The 400 Blows: was one of them to the French cinema?

Les 400 Coups= The 400 Blows
Truffaut, Godard and Chabrol; the key figures of the French New Wave. They neither wished to continue le cinéma de papa, nor to film in such an expensive manner as the papas once did. These men provided the late 1950s and 1960s audience with a change. The way they filmed was incredibly different to the pre-war cinematography: they rejuvenated the art of the French cinema. The making of a film for a director, as Truffaut once said, was like a pen for a writer. He believed that les réalisateurs need to express their message not only through the words, the script or the acting, yet through the position of the camera and the technical filming of the scenes.
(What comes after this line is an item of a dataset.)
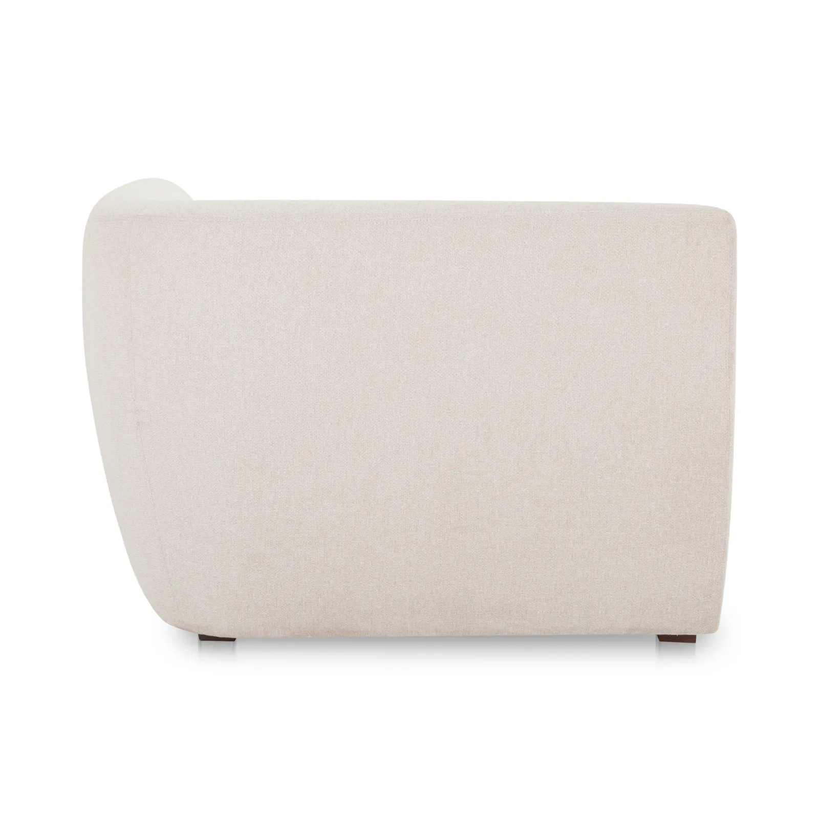 Offering a generous seat wrapped in rich, warm-toned upholstery, the Amelia corner chair allows numerous configurations to fit any interior design or spatial requirements. Its high back and sloped arm curvature combine to offer a supportive seat, inviting guests to lounge and relax. For added comfort, a lumbar cushion is perfect for posture as this piece radiates a welcoming ambiance.

(Source: https://chroniquescinema.wordpress.com/2012/11/29/la-nouvelle-vague/400coups/)

Is it perhaps the reason why Les 400 Coups begins with a travelling shot, as if it was from a point of view of a child sitting at the back seat of a Citroen DS, you may ask? Arguably, it is reflecting the circular movement of the film. Antoine Doinel, a young boy with a difficult childhood described in the plot-line, ends up in une fourgonette. He is taken to the closed centre for young criminals just as if it was a new beginning in the second half of the film. He did not wish to end up there, nor did he wish to be told off by the teacher due to possession of a magazine in a lesson. It was his friend who passed it on, but the chain of events led to him missing school and leaving home. However, he was not particularly discontent about the latter. His mother did not want him, yet her mother forced her to keep a child. The stepfather was not much of a father to him non plus.
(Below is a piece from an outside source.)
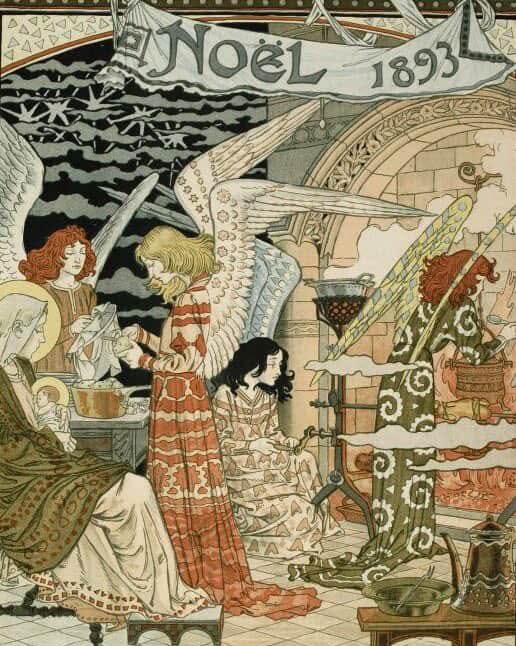 ‘The Kitchen of the Angels’, cover of “L’Illustration” of Christmas 1893, by Eugène Grasset || Masculine and I watching fire at campground—people putting out big thing with thing not safe and I called out. Us doing work for people and I kept straightening up blanket, he did too. OCD. Immediate immigrant lady. Reminds me of the person I used to be – Awaken in this body. Contact people in the body. Contract people in the body. Didn’t we get so much organizing done today. –me wrapping extension cord –me washing clothes/loads. I went into the camera because I almost did.

(Source: http://www.institutfrancais-nigeria.com/wednesday-french-movie-les-400-coups/)

Then what makes this film so special? It won the main award in Cannes after Truffaut
was banned from the festival a year before. Surely, there needs to be something… revolutionary? Indeed, this film was a phenomenon. Critically acclaimed to the fact that it followed the auteur theory to the dot. André Bazin, the founder of Cahiers du Cinema and the ‘father’ of the trio- Truffaut; Godard and Chabrol- emphasised that the crucial role in the film is that of the director. He or she is the artistic creator who implements his or her own aesthetic and narrative vision. Indeed, Les 400 coups was heavily autobiographical. Truffaut had a difficult childhood, just as Antoine did. Jean-Pierre Léaud was chosen for this role, as Truffaut saw young himself in this boy. The aesthetics have even come to the point that this French réalisateur allowed the boy to improvise in several scenes of the film. Truffaut escaped his past and found a new beginning in the cinema. Antoine did so at the beach. I found my passion in French films, in the inevitable sarcasm intertwined with the dramatically plotted, but still rather plain life of les jeunes hommes of Paris. The way they behaved, lived or argued. And in such a French manner. The filming of Antoine’s life and the fashion in which it was filmed was the new beginning and what followed was the unrivaled period in not merely French, but also the world cinema: La Nouvelle Vague

le cinema de papa= dad’s cinema- phrase coined by the contributors of Cahiers du Cinéma
les réalisateurs= film directors
une fourgonette= small van
non plus= neither
Cahiers du Cinéma= magazine about cinematography
les jeunes hommes= young men (here: people)
La Nouvelle Vague= The New Wave

One thought on this article.

  1. George Mullins says:

    Enjoyed the article. Breathless by Goddard is the coolest film of all time imho.